NTAM TREASURY ASSETS FUND

A SERIES OF ADVISERS INVESTMENT TRUST

Supplement dated June 7, 2024

to the Statement of Additional Information dated January 28, 2024

Effective June 5, 2024, the Board of Trustees of Advisers Investment Trust (the “Trust”) elected James R. Nash as Chief Compliance Officer and AML Officer of the Trust. The information with respect to the Chief Compliance Officer and AML Officer in the table listing each Officer of the Trust on page 13 of the Statement of Additional Information is deleted in its entirety and replaced with the following:

 

Name, Address and

Year of Birth1

  

Position(s)

Held with

the Trust

  

Term of Office/

Length of Time

Served

  

Principal

Occupation(s) During

Past 5 Years

  

Number of
Portfolios in
the Trust
Overseen by
Trustee

  

Other

Directorships

Held by

Trustee

During Past

5 Years

James R. Nash

Year of Birth: 1981

   Chief Compliance Officer and AML Officer   

Indefinite/

June 2024 to present

  

Director, ACA Group,

2022 to present;

Managing Director,

Foreside Fund Officer

Services, LLC, 2016 to 2022.

   N/A    N/A

 

1 

The mailing address of Mr. Nash is 3 Canal Plaza, Suite 100, Portland, ME 04101.
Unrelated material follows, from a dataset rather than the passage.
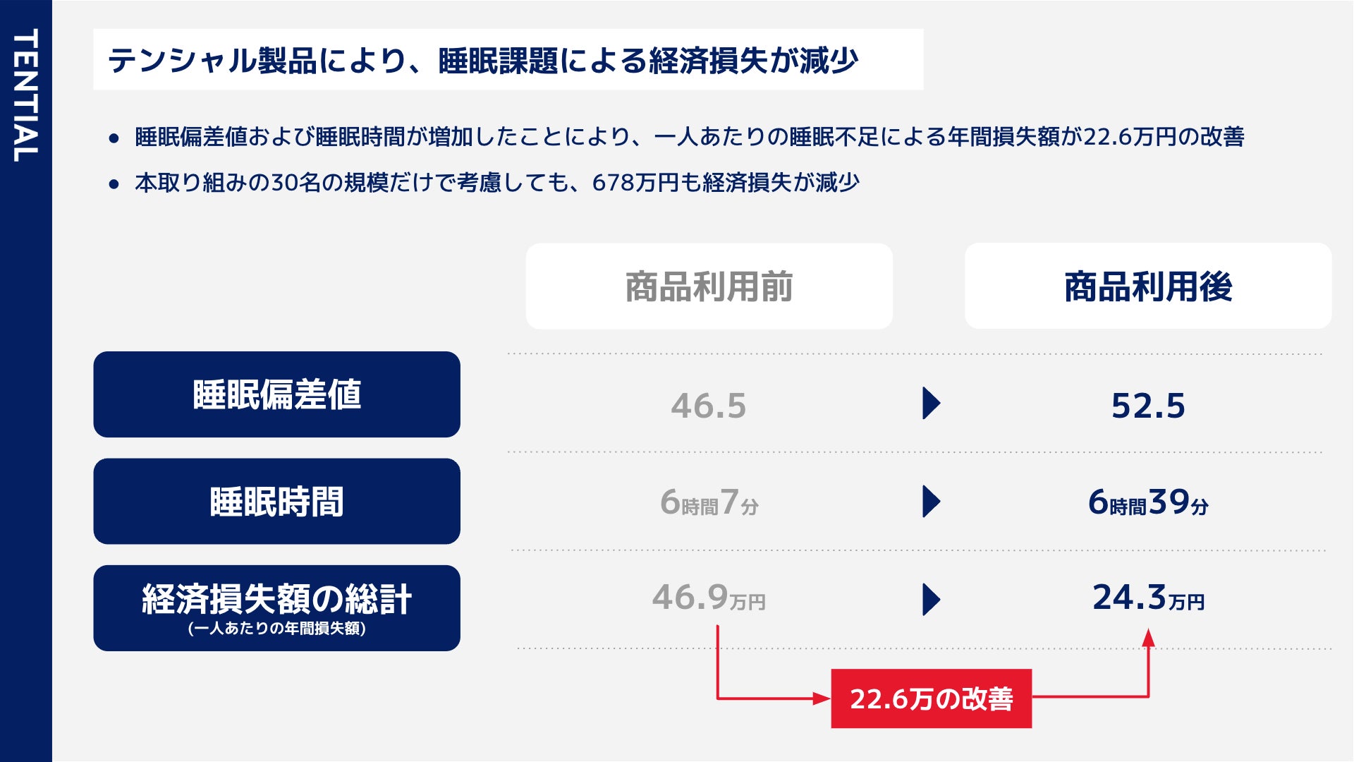 続いて、睡眠偏差値、睡眠時間を元にした経済損失額の変化についてです。テンシャル製品使用前は1従業員あたり年間46.9万円の損失だったものが、商品使用後には24.3万円まで減少したことから、睡眠不足により1従業員あたりの経済損失を22.6万円改善いたしました。本検証は30名という小規模な検証であるにも関わらず、合計で678万円の経済損失を削減をしたことになります。※1

The information appearing under the heading “Disclosure of Portfolio Holdings” on page 21 of the Statement of Additional Information is deleted in its entirety and replaced with the following:

The Fund will not disclose (or authorize its custodian or Placement Agent to disclose) portfolio holdings information to any person or entity except as follows:

 

 

To persons providing services to the Fund who have a need to know such information in order to fulfill their obligations to the Fund, such as portfolio managers, administrators, custodians, pricing services, proxy voting services, accounting and auditing services, liquidity vendors, and research and trading services, and the Trust’s Board of Trustees;

 

 

 

In connection with periodic reports that are available to shareholders;

 

 

 

To mutual fund rating or statistical agencies or persons performing similar functions;

 

 

 

Pursuant to a regulatory request or as otherwise required by law; or

 

 

 

To persons approved in writing by the CCO or President of the Trust.

 

The Fund will publish on its website, www.northerntrust.com/ntam-treasury-assets-fund, complete month-end portfolio holdings for the Fund subject to at least a five (5) business day lag between the date of the information and the date on which the information is disclosed. To find the month end portfolio holdings for the Fund, click on “Literature” and then “Current Month-end Holdings”. The Fund also publishes on its website, no later than the fifth business day of each month and for a period of not less than six months, certain information required by Rule 2a-7 regarding the Fund’s portfolio holdings as of the last business day of the prior month. The Fund may publish on the website complete portfolio holdings information more frequently (i.e., weekly) if it has a legitimate business purpose for doing so. Portfolio holdings for the Fund will also be disclosed through required filings with the SEC. The Fund will disclose portfolio holdings in the annual and semi-annual reports, as well as in filings with the SEC, in each case no later than 60 days after the end of the applicable fiscal period.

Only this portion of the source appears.